▸ Exercise goal
Below are some records. Write out exactly their lines from the one with "Değiştirmek istediğiniz kayıtlı" through the one with "2、咸笋切片,葱切段,猪头肉切片。", and leave the pictures behind.

▸ Record set
━━━━━━
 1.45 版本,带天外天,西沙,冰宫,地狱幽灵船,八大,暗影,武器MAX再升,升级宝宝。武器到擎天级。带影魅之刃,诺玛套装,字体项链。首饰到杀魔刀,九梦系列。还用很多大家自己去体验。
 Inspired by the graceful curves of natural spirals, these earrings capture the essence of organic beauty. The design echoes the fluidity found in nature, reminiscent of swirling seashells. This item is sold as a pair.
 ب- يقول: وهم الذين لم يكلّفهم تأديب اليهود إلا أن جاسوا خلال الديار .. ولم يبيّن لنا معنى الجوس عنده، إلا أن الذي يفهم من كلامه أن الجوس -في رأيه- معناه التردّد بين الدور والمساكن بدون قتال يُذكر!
━━━━━━
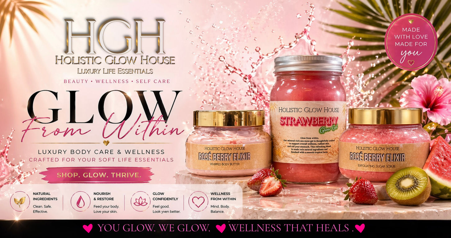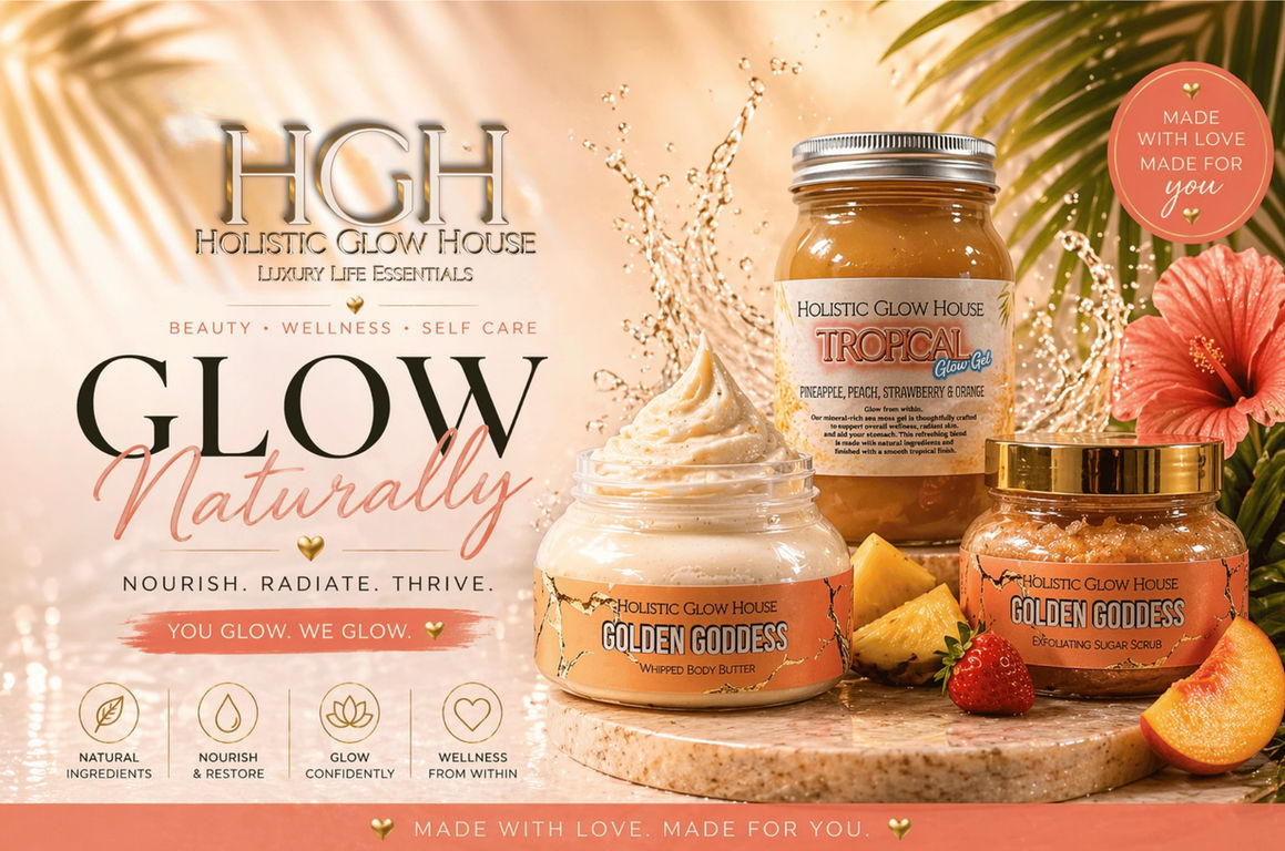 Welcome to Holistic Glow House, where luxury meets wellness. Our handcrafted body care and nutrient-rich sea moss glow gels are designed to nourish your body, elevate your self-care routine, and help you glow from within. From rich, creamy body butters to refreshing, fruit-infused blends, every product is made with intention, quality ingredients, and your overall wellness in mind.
━━━━━━
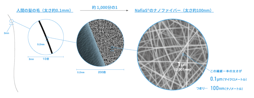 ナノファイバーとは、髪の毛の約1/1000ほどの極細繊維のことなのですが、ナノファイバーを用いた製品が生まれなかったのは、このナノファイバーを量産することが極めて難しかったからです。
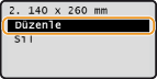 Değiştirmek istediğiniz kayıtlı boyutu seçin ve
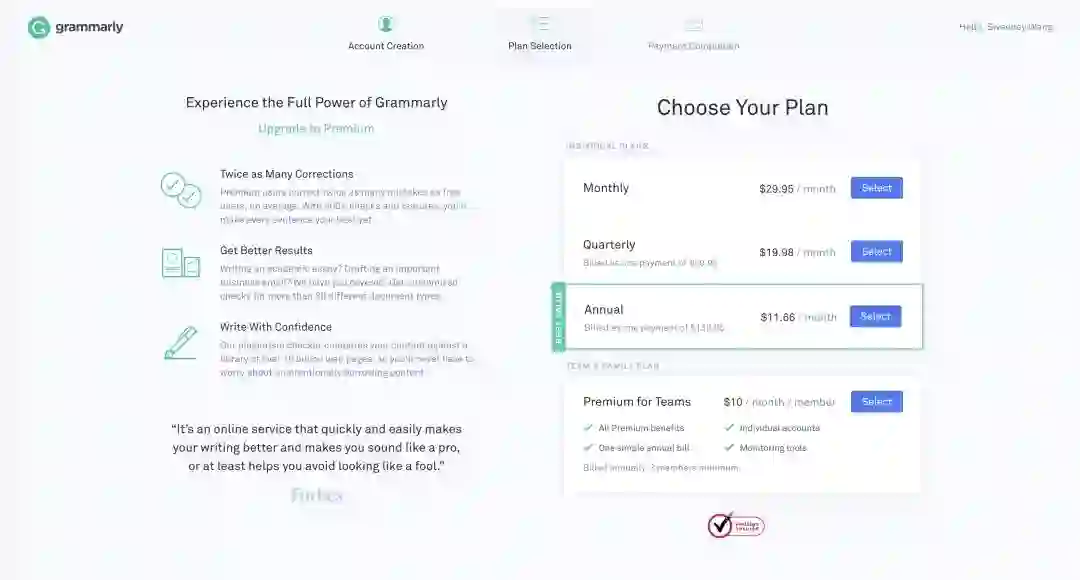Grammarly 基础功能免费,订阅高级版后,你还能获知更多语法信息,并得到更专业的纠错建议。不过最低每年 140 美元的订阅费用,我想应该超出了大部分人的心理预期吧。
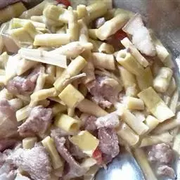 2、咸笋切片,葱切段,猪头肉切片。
━━━━━━
▸ Task result
 Değiştirmek istediğiniz kayıtlı boyutu seçin ve
Grammarly 基础功能免费,订阅高级版后,你还能获知更多语法信息,并得到更专业的纠错建议。不过最低每年 140 美元的订阅费用,我想应该超出了大部分人的心理预期吧。
 2、咸笋切片,葱切段,猪头肉切片。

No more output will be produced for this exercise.